* Problem
In the copy of these records, include no pictures and change nothing else.

* The records
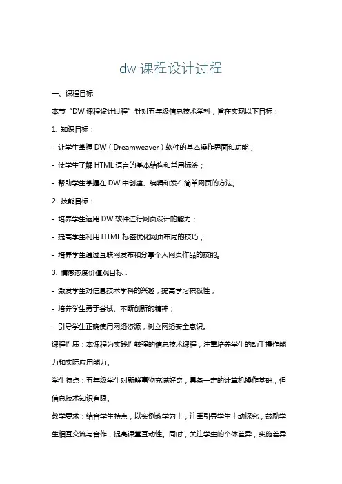 dw课程设计过程一、课程目标本节“DW课程设计过程”针对五年级信息技术学科,旨在实现以下目标:1. 知识目标:- 让学生掌握DW(Dreamweaver)软件的基本操作界面和功能;- 使学生了解HTML语言的基本结构和常用标签;- 帮助学生掌握在DW中创建、编辑和发布简单网页的方法。
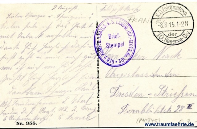 – Details – Jahr: ca. 1910 Status: gelaufen ohne Briefmarke (Feldpost), 1915 Beschriftung vorne: Montmédy. Beschriftung hinten: Nr. 355. Kunst- u. Verlagsanstalt Schaar & Dathe, Komm. Ges. a. Akt., Trier. Stempel: Der 2. Komp. D. I. Batls. K. S. Landw.-Inf.-Regts. No. 102; K.D. Feldpostexp. Der 10. Reserve-Div. -8.8.15. 1-2N Hinweis:
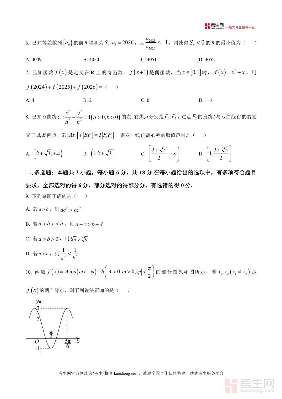 《精品解析:黑龙江省大庆市2026届高三第二次教学质量检测数学试题(原卷版)》是一份服务于大庆市高三学生数学备考需求的权威备考资料。该资料完整收录2026年1月大庆市第二次教学质量检测数学试题原卷,包含选择题(8小题)、多选题(3小题)、填空题(3小题)及解答题(5小题)四大题型模块,题型结构与高考完全一致,题目设置紧密结合本地教学进度与考情特征。其核心特色在于严格遵循高考命题趋势与区域教研标准,试题难度梯度科学合理,既覆盖函数、数列、立体几何、解析几何等核心知识点的基础考查,又融入对综合应用能力与创新思维的深度检验,为考生提供高度仿真的模考体验。
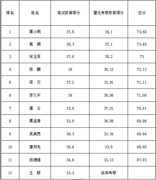 会同县“三类人员”综合得分情况公布 来源: 作者: 发布时间:2016-04-19 浏览次数: 次 【字体:小 大】 会同县“三类人员”综合得分情况公布(优秀村干部) 会同县“三类人员”综合得分情况公布(大学生村官) 会同县“三类人员”综合得分情况公布(乡镇事业站所) 【打印正文】
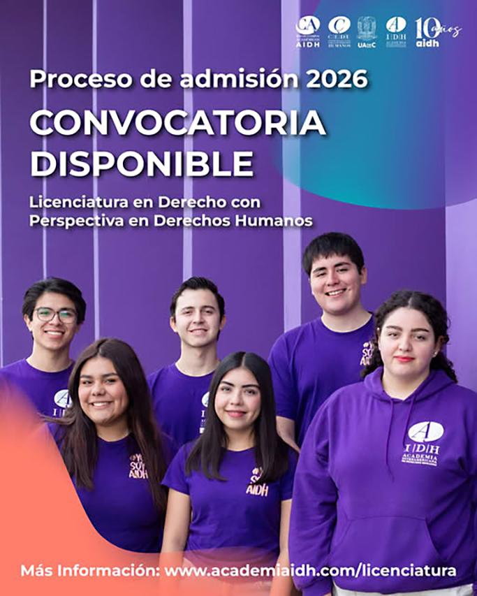 La Academia Interamericana de Derechos Humanos (AIDH) de la Universidad Autónoma de Coahuila, convoca a estudiantes que hayan concluido estudios de Bachillerato interesados en cursar la Licenciatura en Derecho con Perspectiva en Derechos Humanos, cuyas clases iniciarán en agosto de 2026.
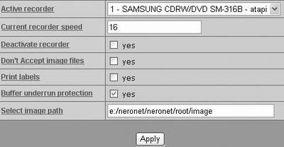 在这里,我们可以选择要提供共享服务的本地刻录机(Active recorder)、设定刻录机的速度(Current recorder speed)、是否禁用某台刻录机(Deactivate recorder)、是否收受镜像文件(Don't Accept image files)、是否印刷标签(Print labels,需要打印机支持)、是否启用缓冲欠载保护(Buffer underrun protection)以及指定镜像文件存放路径(Select image path)。完成后点击“Apply”按钮使设置生效。
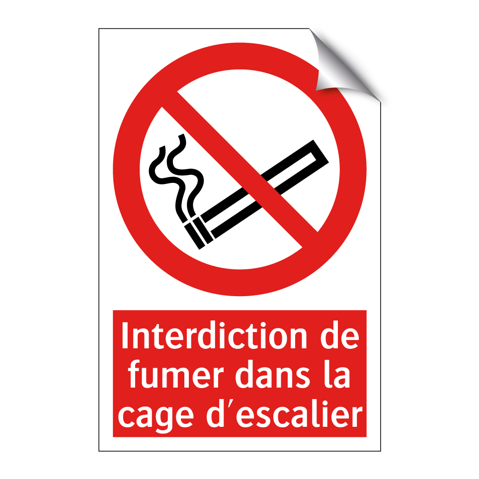 Panneau d'interdiction avec le texte : "Interdiction de fumer dans la cage d'escalier" et une symbolique claire.
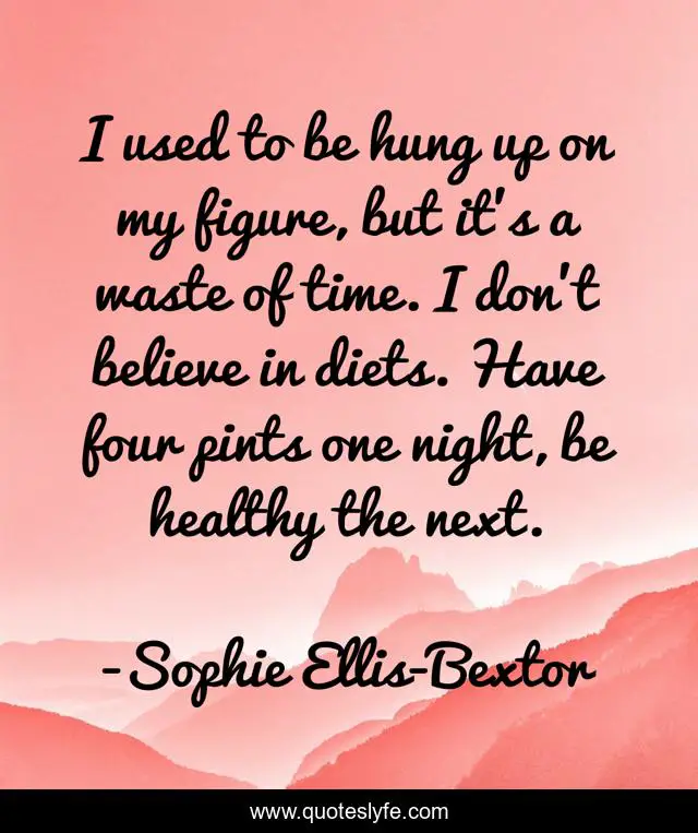 This page presents the quote "I used to be hung up on my figure, but it's a waste of time. I don't believe in diets. Have four pints one night, be healthy the next.". Author of this quote is Sophie Ellis-Bextor. This quote is about believe, time, night,.
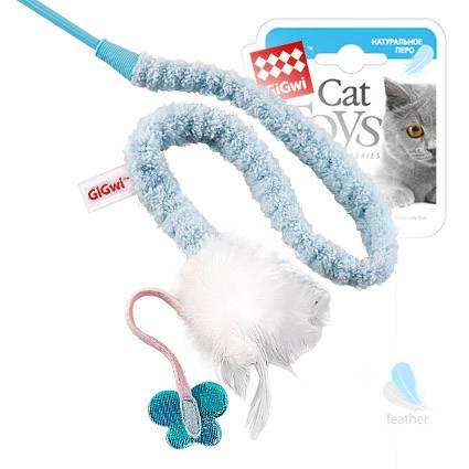 GiGwi Игрушка для кошек Дразнилка на стеке с бабочкой/пластик, перо куриное, ткань 73 см
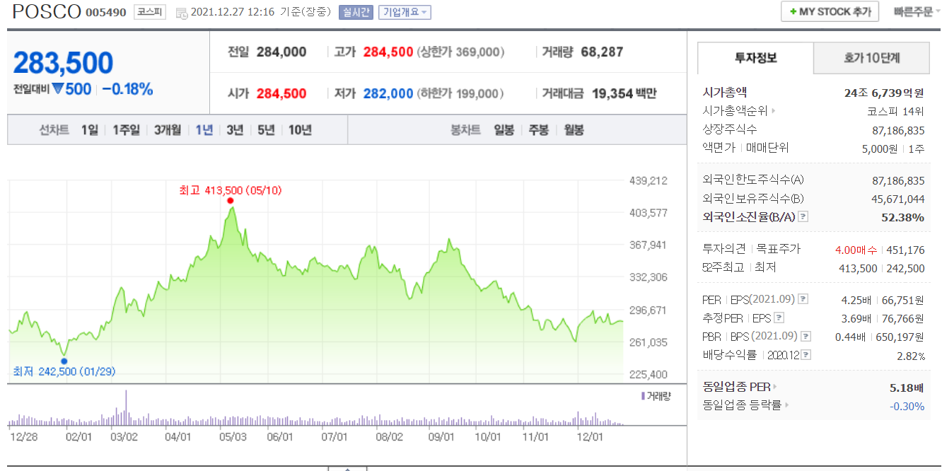 | POSCO (005490) 창사이래 사상 최대 잠정 실정 공시 (0) | 2022.01.12 |
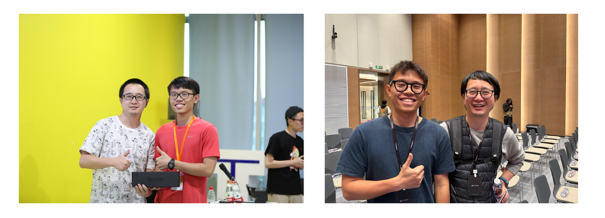 最后是我一直在关注的 Ciyou,去年在拿着自己的 visionOS app 参展,今年参加了圆桌讨论,明年能够上台分享一点也不觉得意外。印象中他已经是一些 visionOS 或者空间计算相关赛事的评委了,很是佩服 Ciyou 的精力分配。虽然我自认为自己的精力和时间管理还算不错,但人还是只能和自己比,和别人比的话会很痛苦。我们 24 年在杭州的一次移动应用创新赛的字节训练营的分享活动上结识,那时候我就诧异自己怎么才发现 Ciyou 这个人才,懊悔怎么没能早些认识,这次也抓住机会在 Ciyou 展台空闲的时候合了影。感谢自己能够遇到这么优秀的同辈人,让自己有了一面镜子自省,期待 Ciyou 未来大有可为!
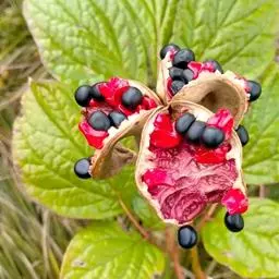 单花顶生,直径7-10厘米;萼片3-5,宽卵形,长1.2-1.5厘米,淡绿色,花瓣6,白色、红色、紫红色,倒卵形,长3-5.5厘米,宽1.8-2.8厘米;雄蕊长1-1.2厘米,花丝淡红色,花药长圆形;花盘浅杯状,包住心皮基部;心皮2-3,无毛。蓇葖卵圆形,长2-3厘米,成熟时果皮反卷呈红色。花期5-6月中旬;果期9月。
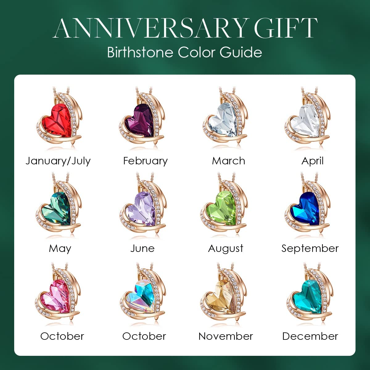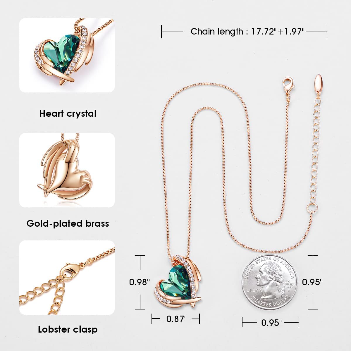 • WOMEN NECKLACE SPECIFICATIONS: Pendant Size: 0.98*0.87 inch |Chain Length: 17"+ 2" |Plating: Rose Gold Plated Silver-tone | Clasp: Lobster Claw. Women's jewelry stone: embellished with Austrian Crystals, Wild Heart Shaped Stone, Green,heart necklaces.
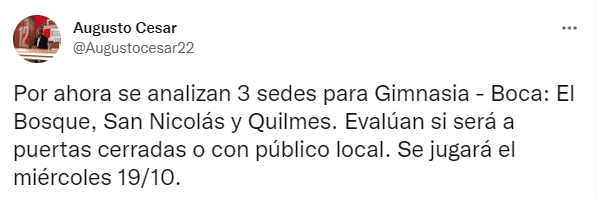 El Bosque, San Nicolás y Quilmesserían las tres candidatas a ser sedes del Gimnasia-Boca que no pudo continuar entre semana y que, posiblemente, defina el Torneo LPF en la última semana de competencia. En cuanto al público, César afirmó que “evalúan si será a puertas cerradas o con público local”, por lo que la medida aún no se hizo efectiva. Horas definitorias.
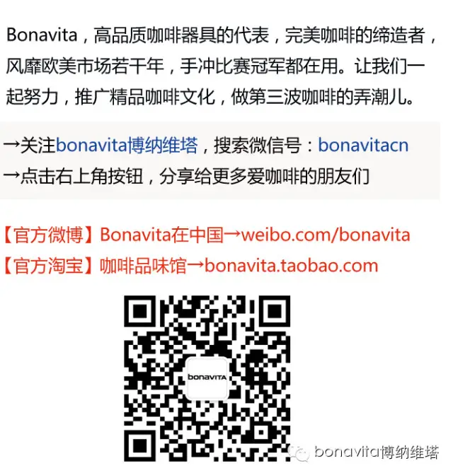 版權(quán)信息:以上文章轉(zhuǎn)自bonavita公眾號(hào)【bonavitacn】侵權(quán)請(qǐng)聯(lián)系: weixin@coffeesalon.com投稿合作:tips@coffeesalon.com
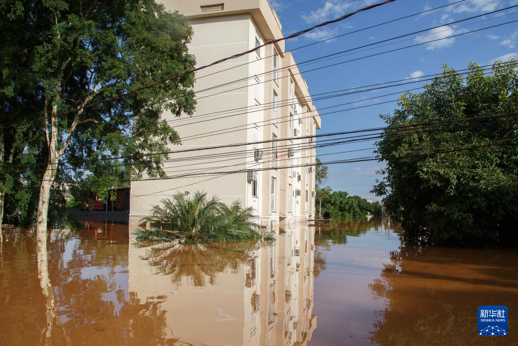 这是5月5日在巴西南里奥格兰德州圣莱奥波尔多拍摄的被洪水浸泡的建筑与街道。新华社发(克劳迪娅·马尔提尼 摄)
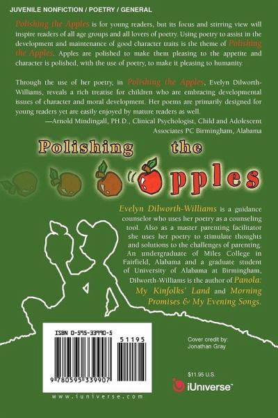 Polishing the Apples is for young readers, but its focus and stirring view will inspire readers of all age groups and all lovers of poetry. Using poetry to assist in the development and maintenance of good character traits is the theme of Polishing the Apples. Apples are polished to make them pleasing to the appetite and character is polished, with the use of poetry, to make it pleasing to humanity. Through the use of her poetry, in Polishing the Apples, Evelyn Dilworth-Williams, reveals a rich treatise for children who are embracing developmental issues of character and moral development. Her poems are primarily designed for young readers yet are easily enjoyed by mature readers as well.--Arnold Mindingall, PH.D., Clinical Psychologist, Child and Adolescent Associates PC Birmingham, Alabama.
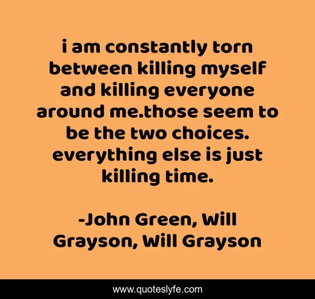 This page presents the quote "i am constantly torn between killing myself and killing everyone around me.those seem to be the two choices. everything else is just killing time.". Author of this quote is John Green, Will Grayson, Will Grayson. This quote is about grudge, hatred, depression,.
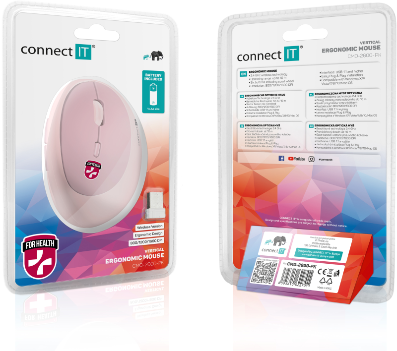 Pohodlí, ergonomie a prevence v jednom – vertikální bezdrátová myš Connect IT For Health (CMO-2600-PK) je navržena speciálně pro prevenci syndromu karpálního tunelu. Díky svému ergonomickému tvaru udržuje ruku a předloktí v přirozené poloze, čímž pomáhá snižovat únavu i bolest při dlouhodobém používání.
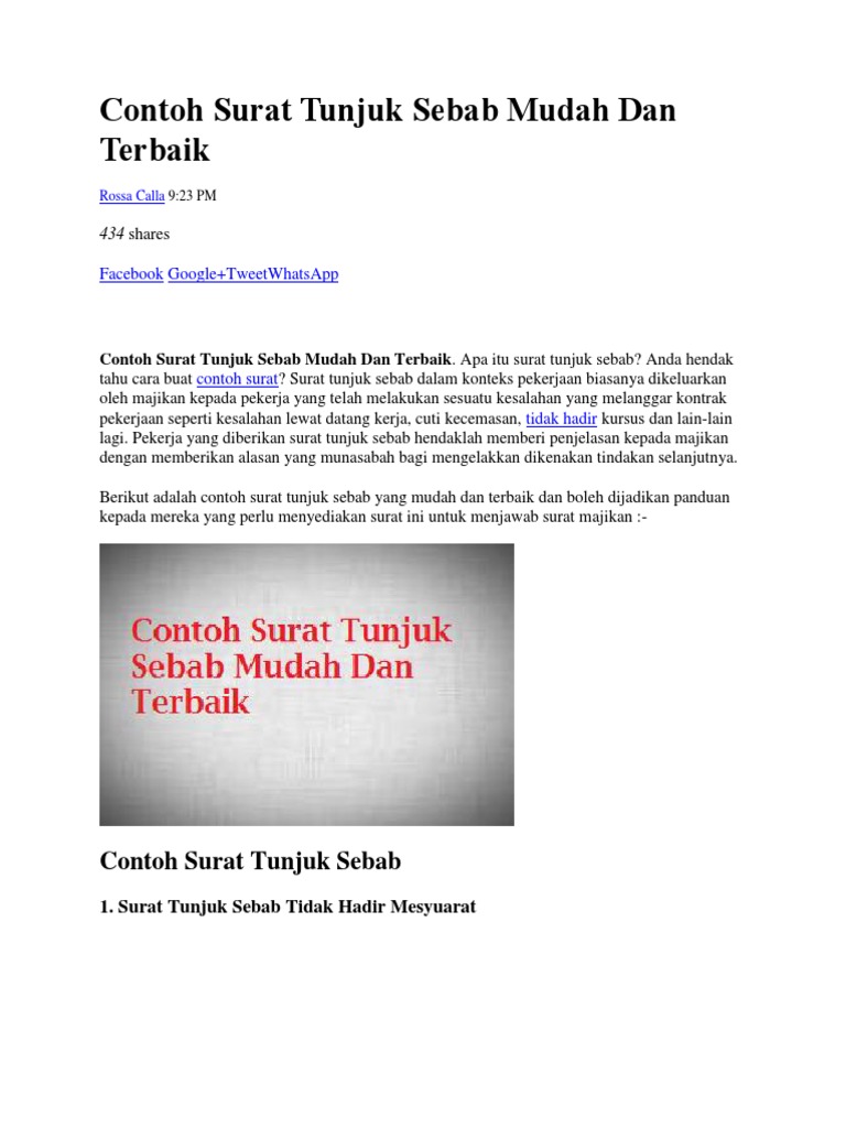 Format surat tunjuk sebab lewat hadir kerja. Merujuk kepada perkara di atas, saya khairul azmi bin mat suod tidak hadir ke mesyuarat yang diadakan pada 6 julai 2018 yang lepas. Tuan, tunjuk sebab tidak dapat menghadiri kursus anjuran jpns sukacitadimaklumkanbahawasayasepertinama di atasinginmerujukkepadasurat yang. Selain menjalankan solat 5 waktu, saat bulan ramadhan kamu disunahkan menjalan sholat tarawih. Surat tunjuk sebab ketidakhadiran kerjadengan hormatnya merujuk kepada perkara di atas.

* Response to the exercise
 dw课程设计过程一、课程目标本节“DW课程设计过程”针对五年级信息技术学科,旨在实现以下目标:1. 知识目标:- 让学生掌握DW(Dreamweaver)软件的基本操作界面和功能;- 使学生了解HTML语言的基本结构和常用标签;- 帮助学生掌握在DW中创建、编辑和发布简单网页的方法。
 – Details – Jahr: ca. 1910 Status: gelaufen ohne Briefmarke (Feldpost), 1915 Beschriftung vorne: Montmédy. Beschriftung hinten: Nr. 355. Kunst- u. Verlagsanstalt Schaar & Dathe, Komm. Ges. a. Akt., Trier. Stempel: Der 2. Komp. D. I. Batls. K. S. Landw.-Inf.-Regts. No. 102; K.D. Feldpostexp. Der 10. Reserve-Div. -8.8.15. 1-2N Hinweis:
 《精品解析:黑龙江省大庆市2026届高三第二次教学质量检测数学试题(原卷版)》是一份服务于大庆市高三学生数学备考需求的权威备考资料。该资料完整收录2026年1月大庆市第二次教学质量检测数学试题原卷,包含选择题(8小题)、多选题(3小题)、填空题(3小题)及解答题(5小题)四大题型模块,题型结构与高考完全一致,题目设置紧密结合本地教学进度与考情特征。其核心特色在于严格遵循高考命题趋势与区域教研标准,试题难度梯度科学合理,既覆盖函数、数列、立体几何、解析几何等核心知识点的基础考查,又融入对综合应用能力与创新思维的深度检验,为考生提供高度仿真的模考体验。
 会同县“三类人员”综合得分情况公布 来源: 作者: 发布时间:2016-04-19 浏览次数: 次 【字体:小 大】 会同县“三类人员”综合得分情况公布(优秀村干部) 会同县“三类人员”综合得分情况公布(大学生村官) 会同县“三类人员”综合得分情况公布(乡镇事业站所) 【打印正文】
 La Academia Interamericana de Derechos Humanos (AIDH) de la Universidad Autónoma de Coahuila, convoca a estudiantes que hayan concluido estudios de Bachillerato interesados en cursar la Licenciatura en Derecho con Perspectiva en Derechos Humanos, cuyas clases iniciarán en agosto de 2026.
 在这里,我们可以选择要提供共享服务的本地刻录机(Active recorder)、设定刻录机的速度(Current recorder speed)、是否禁用某台刻录机(Deactivate recorder)、是否收受镜像文件(Don't Accept image files)、是否印刷标签(Print labels,需要打印机支持)、是否启用缓冲欠载保护(Buffer underrun protection)以及指定镜像文件存放路径(Select image path)。完成后点击“Apply”按钮使设置生效。
 Panneau d'interdiction avec le texte : "Interdiction de fumer dans la cage d'escalier" et une symbolique claire.
 This page presents the quote "I used to be hung up on my figure, but it's a waste of time. I don't believe in diets. Have four pints one night, be healthy the next.". Author of this quote is Sophie Ellis-Bextor. This quote is about believe, time, night,.
 GiGwi Игрушка для кошек Дразнилка на стеке с бабочкой/пластик, перо куриное, ткань 73 см
 | POSCO (005490) 창사이래 사상 최대 잠정 실정 공시 (0) | 2022.01.12 |
 最后是我一直在关注的 Ciyou,去年在拿着自己的 visionOS app 参展,今年参加了圆桌讨论,明年能够上台分享一点也不觉得意外。印象中他已经是一些 visionOS 或者空间计算相关赛事的评委了,很是佩服 Ciyou 的精力分配。虽然我自认为自己的精力和时间管理还算不错,但人还是只能和自己比,和别人比的话会很痛苦。我们 24 年在杭州的一次移动应用创新赛的字节训练营的分享活动上结识,那时候我就诧异自己怎么才发现 Ciyou 这个人才,懊悔怎么没能早些认识,这次也抓住机会在 Ciyou 展台空闲的时候合了影。感谢自己能够遇到这么优秀的同辈人,让自己有了一面镜子自省,期待 Ciyou 未来大有可为!
 单花顶生,直径7-10厘米;萼片3-5,宽卵形,长1.2-1.5厘米,淡绿色,花瓣6,白色、红色、紫红色,倒卵形,长3-5.5厘米,宽1.8-2.8厘米;雄蕊长1-1.2厘米,花丝淡红色,花药长圆形;花盘浅杯状,包住心皮基部;心皮2-3,无毛。蓇葖卵圆形,长2-3厘米,成熟时果皮反卷呈红色。花期5-6月中旬;果期9月。
 • WOMEN NECKLACE SPECIFICATIONS: Pendant Size: 0.98*0.87 inch |Chain Length: 17"+ 2" |Plating: Rose Gold Plated Silver-tone | Clasp: Lobster Claw. Women's jewelry stone: embellished with Austrian Crystals, Wild Heart Shaped Stone, Green,heart necklaces.
 El Bosque, San Nicolás y Quilmesserían las tres candidatas a ser sedes del Gimnasia-Boca que no pudo continuar entre semana y que, posiblemente, defina el Torneo LPF en la última semana de competencia. En cuanto al público, César afirmó que “evalúan si será a puertas cerradas o con público local”, por lo que la medida aún no se hizo efectiva. Horas definitorias.
 版權(quán)信息:以上文章轉(zhuǎn)自bonavita公眾號(hào)【bonavitacn】侵權(quán)請(qǐng)聯(lián)系: weixin@coffeesalon.com投稿合作:tips@coffeesalon.com
 这是5月5日在巴西南里奥格兰德州圣莱奥波尔多拍摄的被洪水浸泡的建筑与街道。新华社发(克劳迪娅·马尔提尼 摄)
 Polishing the Apples is for young readers, but its focus and stirring view will inspire readers of all age groups and all lovers of poetry. Using poetry to assist in the development and maintenance of good character traits is the theme of Polishing the Apples. Apples are polished to make them pleasing to the appetite and character is polished, with the use of poetry, to make it pleasing to humanity. Through the use of her poetry, in Polishing the Apples, Evelyn Dilworth-Williams, reveals a rich treatise for children who are embracing developmental issues of character and moral development. Her poems are primarily designed for young readers yet are easily enjoyed by mature readers as well.--Arnold Mindingall, PH.D., Clinical Psychologist, Child and Adolescent Associates PC Birmingham, Alabama.
 This page presents the quote "i am constantly torn between killing myself and killing everyone around me.those seem to be the two choices. everything else is just killing time.". Author of this quote is John Green, Will Grayson, Will Grayson. This quote is about grudge, hatred, depression,.
 Pohodlí, ergonomie a prevence v jednom – vertikální bezdrátová myš Connect IT For Health (CMO-2600-PK) je navržena speciálně pro prevenci syndromu karpálního tunelu. Díky svému ergonomickému tvaru udržuje ruku a předloktí v přirozené poloze, čímž pomáhá snižovat únavu i bolest při dlouhodobém používání.
 Format surat tunjuk sebab lewat hadir kerja. Merujuk kepada perkara di atas, saya khairul azmi bin mat suod tidak hadir ke mesyuarat yang diadakan pada 6 julai 2018 yang lepas. Tuan, tunjuk sebab tidak dapat menghadiri kursus anjuran jpns sukacitadimaklumkanbahawasayasepertinama di atasinginmerujukkepadasurat yang. Selain menjalankan solat 5 waktu, saat bulan ramadhan kamu disunahkan menjalan sholat tarawih. Surat tunjuk sebab ketidakhadiran kerjadengan hormatnya merujuk kepada perkara di atas.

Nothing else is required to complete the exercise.